3. Graglia ha anche da eccepire sulla notazione di Canfora per il mancato invito all'URSS a partecipare alla conferenza di Monaco, che pure si autorappresentava come conferenza sulla «sicurezza europea». Cerca di giustificare il fatto adducendo che l'URSS anni prima aveva condotto «una lotta ideologica strenua contro la socialdemocrazia», tra l’altro sovrapponendo e confondendo lo Stato sovietico con il Comintern e liquidando la stessa politica dei "Fronti Popolari" col riferimento alle «purghe staliniane», come se dentro ci fosse… il partito occidentale (o forse c’era?).
«Francesi e inglesi non volevano altri commensali al tavolo di Monaco, gli bastavano Hitler e Mussolini», afferma Graglia. ammettendo quindi implicitamente che non era la sicurezza e la stabilità europea che importava loro, quanto appunto indirizzare gli appetiti nazisti verso l’Urss. L'argomentazione di Canfora, sbattuta fuori dalla porta, rientra volente o nolente dalla finestra.
Aggiungo che l’alleanza realizzata a Monaco e annunciata dall’inatteso volo di Chamberlain per Monaco, oltre che incoraggiare Hitler a marciare verso est, ebbe almeno altre due conseguenze solitamente ignorate. La prima fu quella di salvare il capo nazista da una rivolta militare già pronta a scattare, con protagonisti molti di coloro che saranno coinvolti e massacrati per la tardiva replica del fallito attentato del luglio ‘44. Tutto era pronto, ma come ha scritto lo storico francese Raymond Cartier, il piano fu annullato «quando la radio aveva annunziato che Chamberlain, avendo ottenuto un’udienza dal Fuhrer, era in volo verso Berchtesgaden». E uno dei congiurati sopravvissuto, il generale Halder , spiegherà: «La base materiale del nostro complotto veniva così distrutta dal momento che Hitler non rientrava a Berlino. Così pure la base morale: noi potevamo arrestare un insensato che stava trascinando la Germania in una guerra perduta in partenza, ma non potevamo di certo arrestare un cancelliere che negoziava col primo ministro di Gran Bretagna il pacifico ritorno dei tedeschi nel Reich».
L’altra tragica conseguenza riguardò la Spagna: dove dopo Monaco i servizi segreti inglesi si attivarono per rimuovere un punto di contraddizione con Hitler cui era sensibile l’opinione pubblica della Gran Bretagna. Furono essi a spingere a Madrid con false promesse il colonnello Casado all'insubordinazione e al tradimento, aprendo a Franco la via della vittoria. Come denuncerà il Ministro degli Esteri della Repubblica spagnola Alvarez Del Vayo nelle sue memorie dall’esilio. Senza quel tradimento la guerra civile spagnola sarebbe confluita nella più grande guerra di pochi mesi dopo e avrebbe potuto avere tutt’altri esiti.

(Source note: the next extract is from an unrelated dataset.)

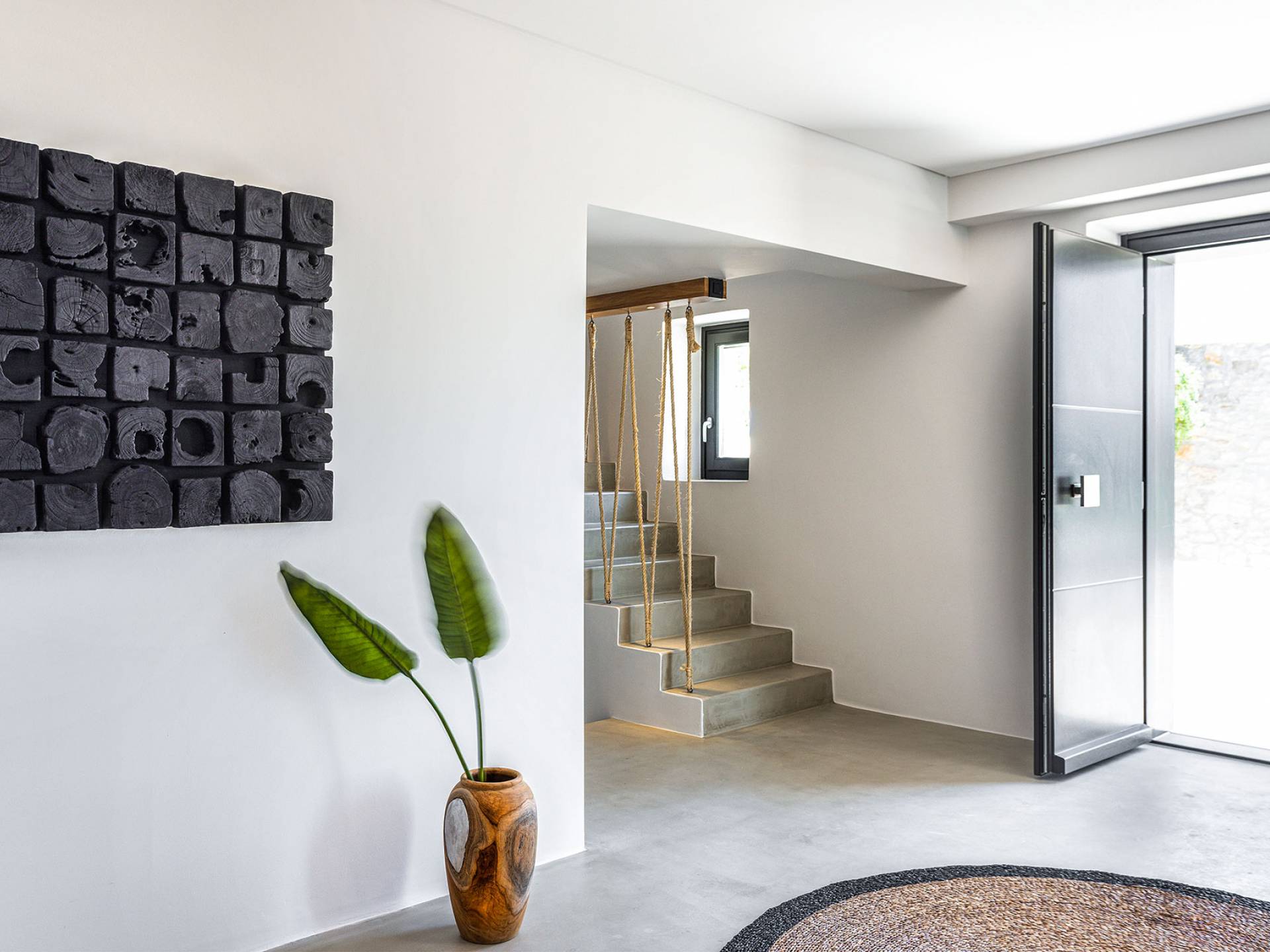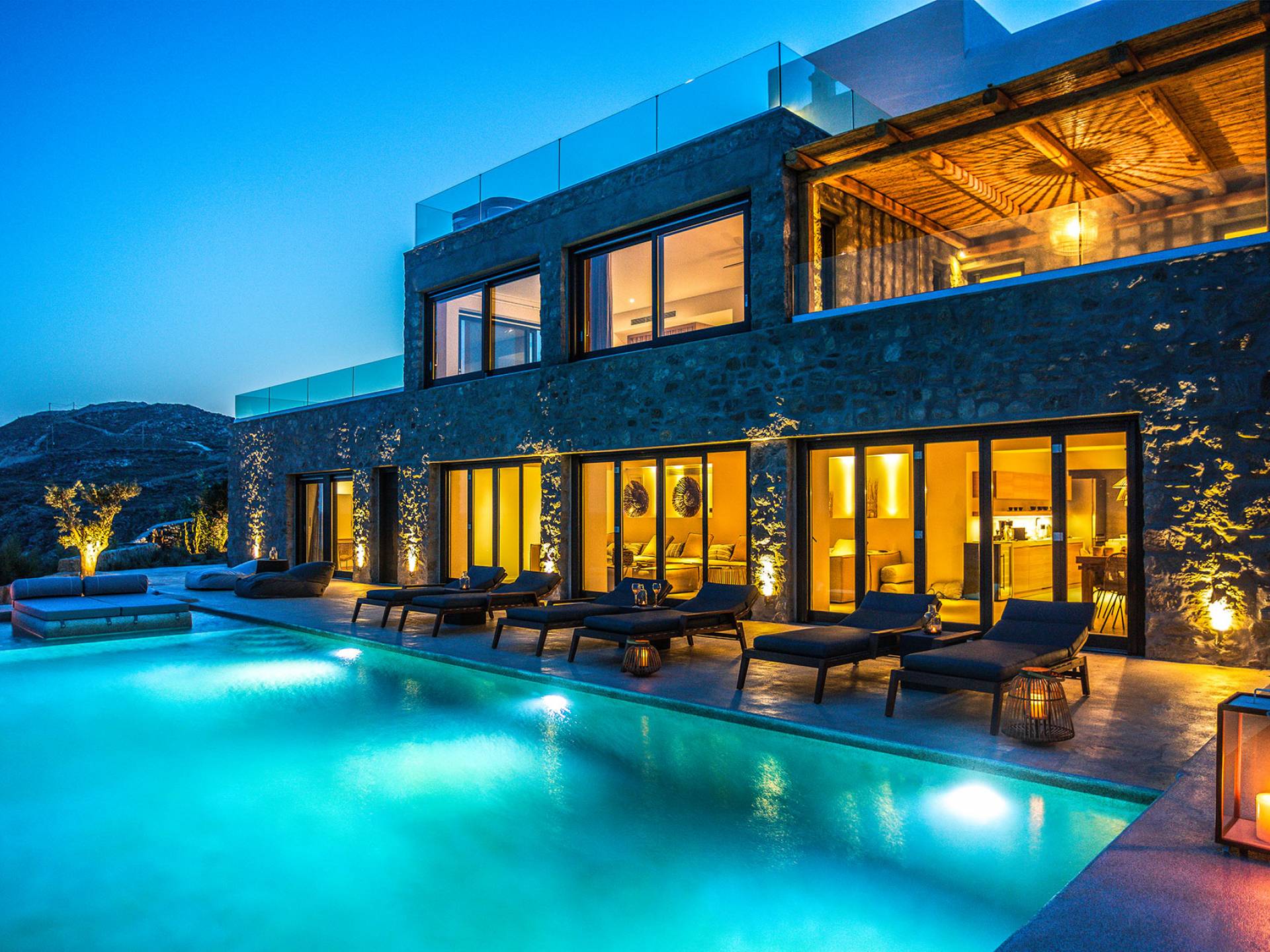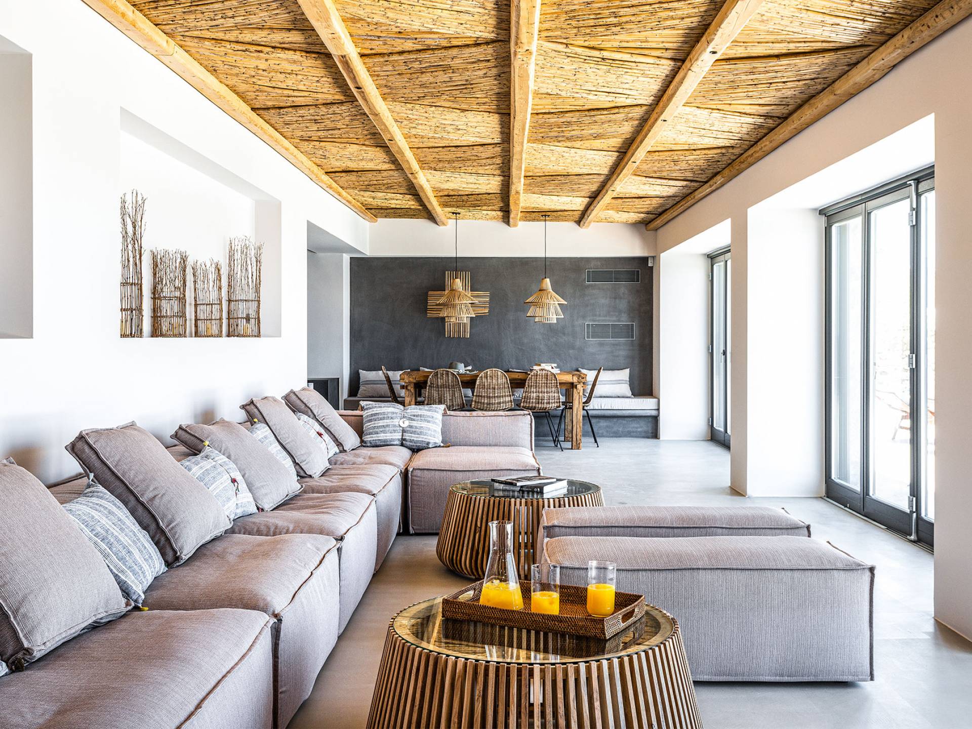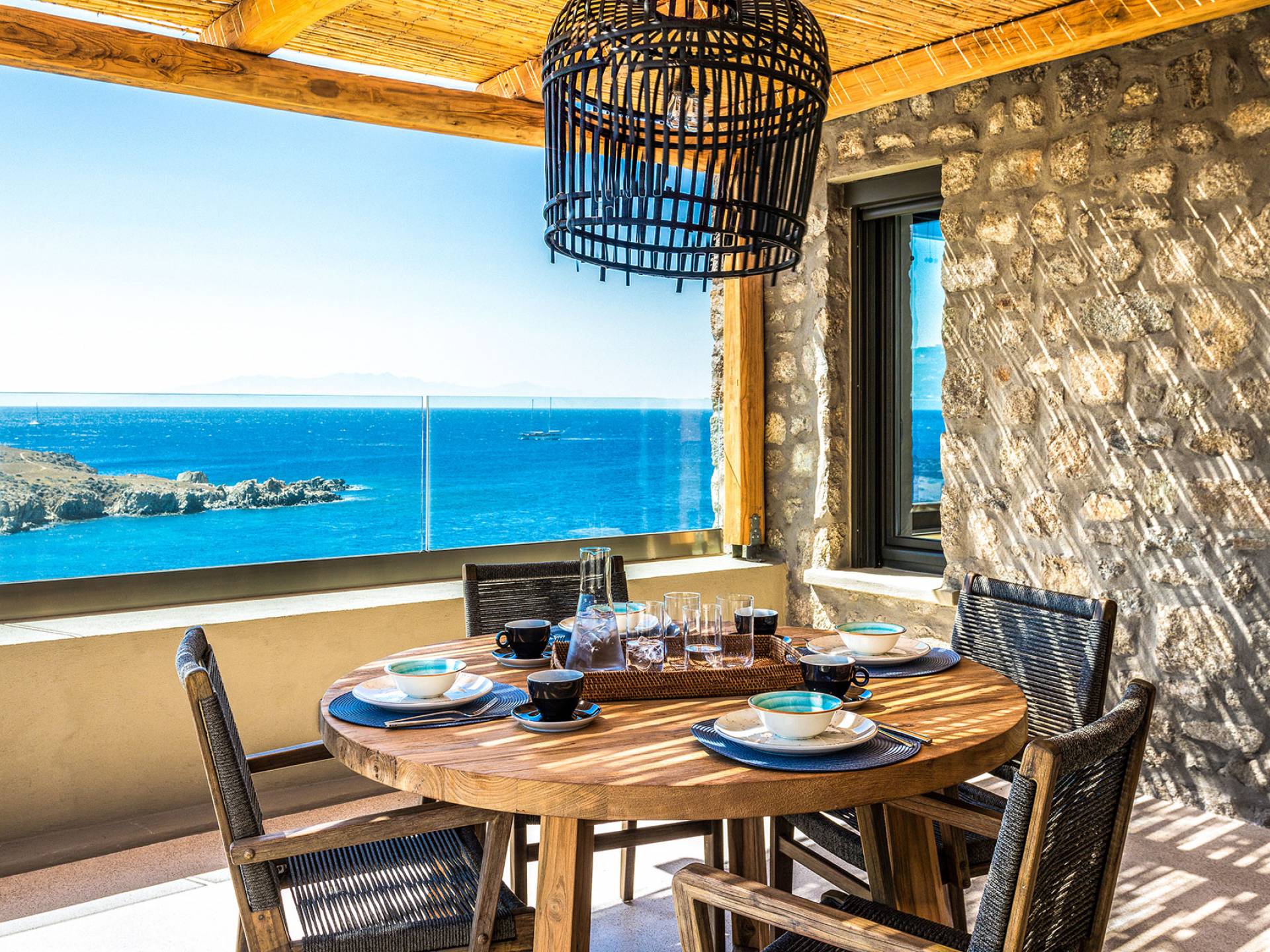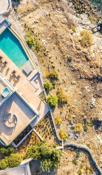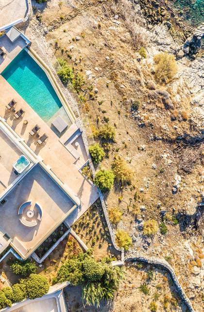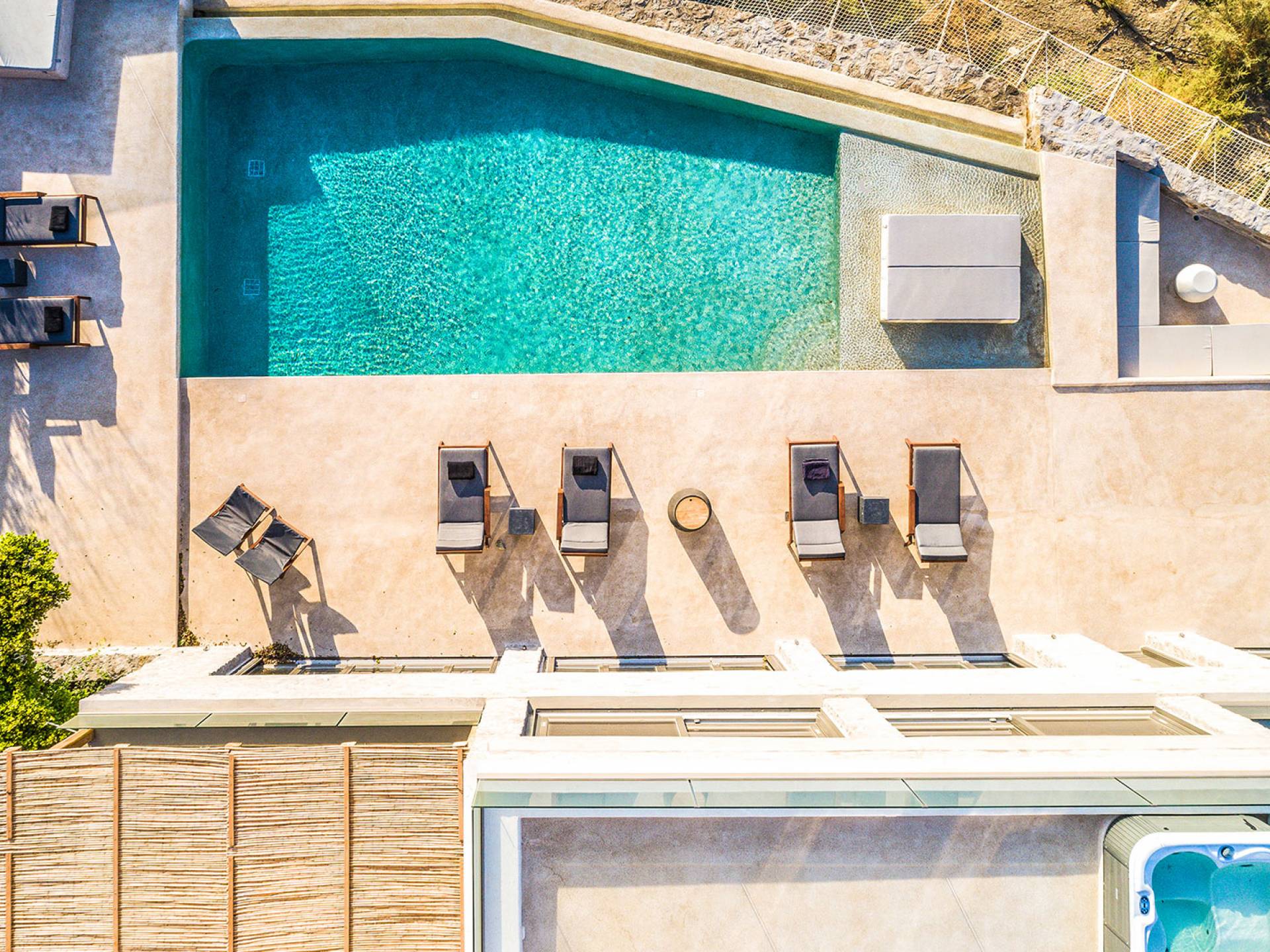 Das Erdgeschoss verfügt über ein geräumiges Wohnzimmer, das sich zum Hauptaußenbereich mit dem Pool und dem Essbereich im Freien öffnet, eine voll ausgestattete offene Küche, einen Essbereich, ein Gäste-WC und 3 Doppelzimmer mit Bad (außer welches als Zwilling eingestellt werden kann). Die erste Etage verfügt über die zweite offene Küche und 2 Doppelzimmer mit Bad, von denen eines ein Masterzimmer mit Panoramablick auf das Meer ist. Beide Schlafzimmer öffnen sich zur Terrasse im ersten Stock mit eingebauten Loungebereichen und der Feuerstelle.

4. Infine, al vanto di Mattarella dei settant'anni di pace da ascrivere a merito della integrazione europea, Canfora aveva obiettato ricordando le guerre jugoslave. Graglia risponde che la Jugoslavia non faceva parte dell’Unione europea e che comunque quella sarebbe stata una «guerra civile e intestina», dimenticando – il che è poco scusabile per un docente di relazioni internazionali – il pesante intervento della Nato avvenuto scavalcando il Consiglio di Sicurezza dell'Onu. Con gli Usa che si sono ritagliati con esso nel Kosovo la più grande forse delle centinaia di basi militari da essi installate in giro per il mondo.